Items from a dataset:
--

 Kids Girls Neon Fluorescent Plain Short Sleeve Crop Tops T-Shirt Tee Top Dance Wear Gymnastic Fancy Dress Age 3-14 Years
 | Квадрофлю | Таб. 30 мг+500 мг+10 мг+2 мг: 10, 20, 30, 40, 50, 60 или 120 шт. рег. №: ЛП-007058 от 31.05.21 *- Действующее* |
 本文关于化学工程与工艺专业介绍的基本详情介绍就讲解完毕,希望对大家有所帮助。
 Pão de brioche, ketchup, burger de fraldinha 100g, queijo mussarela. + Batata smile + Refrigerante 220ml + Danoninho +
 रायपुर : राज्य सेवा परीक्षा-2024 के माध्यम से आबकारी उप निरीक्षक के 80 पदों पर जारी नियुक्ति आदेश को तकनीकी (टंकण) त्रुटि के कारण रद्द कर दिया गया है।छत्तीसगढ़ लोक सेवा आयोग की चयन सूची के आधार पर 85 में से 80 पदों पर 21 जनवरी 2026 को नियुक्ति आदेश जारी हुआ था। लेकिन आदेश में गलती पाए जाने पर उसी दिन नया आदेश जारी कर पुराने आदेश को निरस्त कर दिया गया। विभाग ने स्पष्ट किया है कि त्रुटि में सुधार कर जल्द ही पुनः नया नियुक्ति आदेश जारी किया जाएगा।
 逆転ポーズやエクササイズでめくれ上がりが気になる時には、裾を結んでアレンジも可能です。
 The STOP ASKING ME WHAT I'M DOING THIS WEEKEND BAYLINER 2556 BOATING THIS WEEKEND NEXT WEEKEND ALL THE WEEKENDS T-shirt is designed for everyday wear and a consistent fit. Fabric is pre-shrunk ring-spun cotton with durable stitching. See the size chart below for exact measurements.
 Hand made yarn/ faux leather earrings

--

The problem: Repeat the entries above verbatim, but only from the line that has "本文关于化学工程与工艺专业介绍的基本详情介绍就讲解完毕,希望对大家有所帮助。" down to the line that has "逆転ポーズやエクササイズでめ", inclusive.

Final answer:
 本文关于化学工程与工艺专业介绍的基本详情介绍就讲解完毕,希望对大家有所帮助。
 Pão de brioche, ketchup, burger de fraldinha 100g, queijo mussarela. + Batata smile + Refrigerante 220ml + Danoninho +
 रायपुर : राज्य सेवा परीक्षा-2024 के माध्यम से आबकारी उप निरीक्षक के 80 पदों पर जारी नियुक्ति आदेश को तकनीकी (टंकण) त्रुटि के कारण रद्द कर दिया गया है।छत्तीसगढ़ लोक सेवा आयोग की चयन सूची के आधार पर 85 में से 80 पदों पर 21 जनवरी 2026 को नियुक्ति आदेश जारी हुआ था। लेकिन आदेश में गलती पाए जाने पर उसी दिन नया आदेश जारी कर पुराने आदेश को निरस्त कर दिया गया। विभाग ने स्पष्ट किया है कि त्रुटि में सुधार कर जल्द ही पुनः नया नियुक्ति आदेश जारी किया जाएगा।
 逆転ポーズやエクササイズでめくれ上がりが気になる時には、裾を結んでアレンジも可能です。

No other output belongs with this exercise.